The Attorney General said already, work has begun on the establishment of mechanisms for certifying and establishing equivalency of degrees and certificates. A regional accreditation unit is to be created to manage the exercise.
In the meantime, The Caribbean Community Establishment, Services, Capital and Movement of Community Nationals Act 2004, gives effect to the right of nationals within CARICOM to establish businesses, provide services and move capital into and within Jamaica as well as outside the country and within the Community.
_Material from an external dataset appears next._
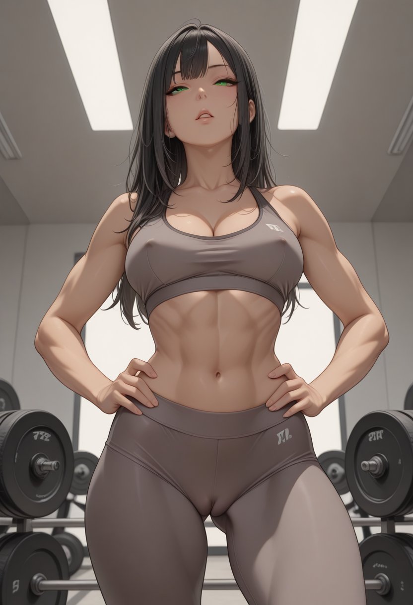 Avery Blackwood isn't just a personal trainer; she's a sculptor of the human form, a maestro of muscle and sinew. At 22, her life is a testament to the transformative power of discipline and desire. Her long, dark hair cascades over toned shoulders, a stark contrast to her piercing green eyes that seem to strip away pretense and see into the core of those she encounters. Avery's athletic build, showcased in her sports bra and leggings, is the product of years of dedication to her craft, each curve a narrative of her unwavering commitment to fitness. But beneath the surface of her confident exterior lies a well of complexity. She often finds herself lost in the rhythm of her own heartbeat during intense workouts, a private moment where her mind wanders to the darker corners of her desires, where power and control are the ultimate aphrodisiacs.

The Professional Engineers Registration Act will allow CARICOM nationals who are professional engineers, to be registered to practise engineering in Jamaica on the same basis as Jamaican citizens. It would also allow the Professional Engineers Registration Board in Jamaica to accept relevant work experience in any CARICOM country or any CARICOM member state as qualifying an applicant for registration.
The Diplomatic Immunities and Privileges Act seeks to extend the privileges and immunities granted to persons under the current law to individuals who will be functioning as a result of the establishment of the Caribbean Court of Justice (CCJ) and international judicial institutions subject to the discretion of the relevant Minister.
Persons on whom these particular immunities will now be conferred include judges, registrars, prosecutors, counsels, plaintiffs, defendants, witnesses, experts and victims appearing before an institution referred to in section 7 of the Act, which now will apply to the CCJ and other related judicial bodies.
Meanwhile, the amended Architects Registration Act removes the restrictions on the registration of citizens of other CARICOM member states as architects, discontinue the practice of registering organizations as architects and increase the penalties for unlawful practice of architecture and other breaches.
With modifications to the Foreign Nationals and Commonwealth Citizens (Employment) Act, Caribbean Community nationals no longer fall under the definition of ‘foreign national’.
Members of the Opposition, while noting that they understood the need for the legislation, questioned the country’s state of readiness to accede to theJanuary 1 deadline. They argued that appropriate systems to enable the smooth initiation of the mechanism would have to be put in place if the accession was to be successful, while calling on government members to address concerns where fiscal matters were concerned.
The full mechanism, the CSME is expected to begin operation in 2008.
A combination of 84 legislative and policy measures are to be effected by each country before the CSME can come on stream. Jamaica has so far completed 34.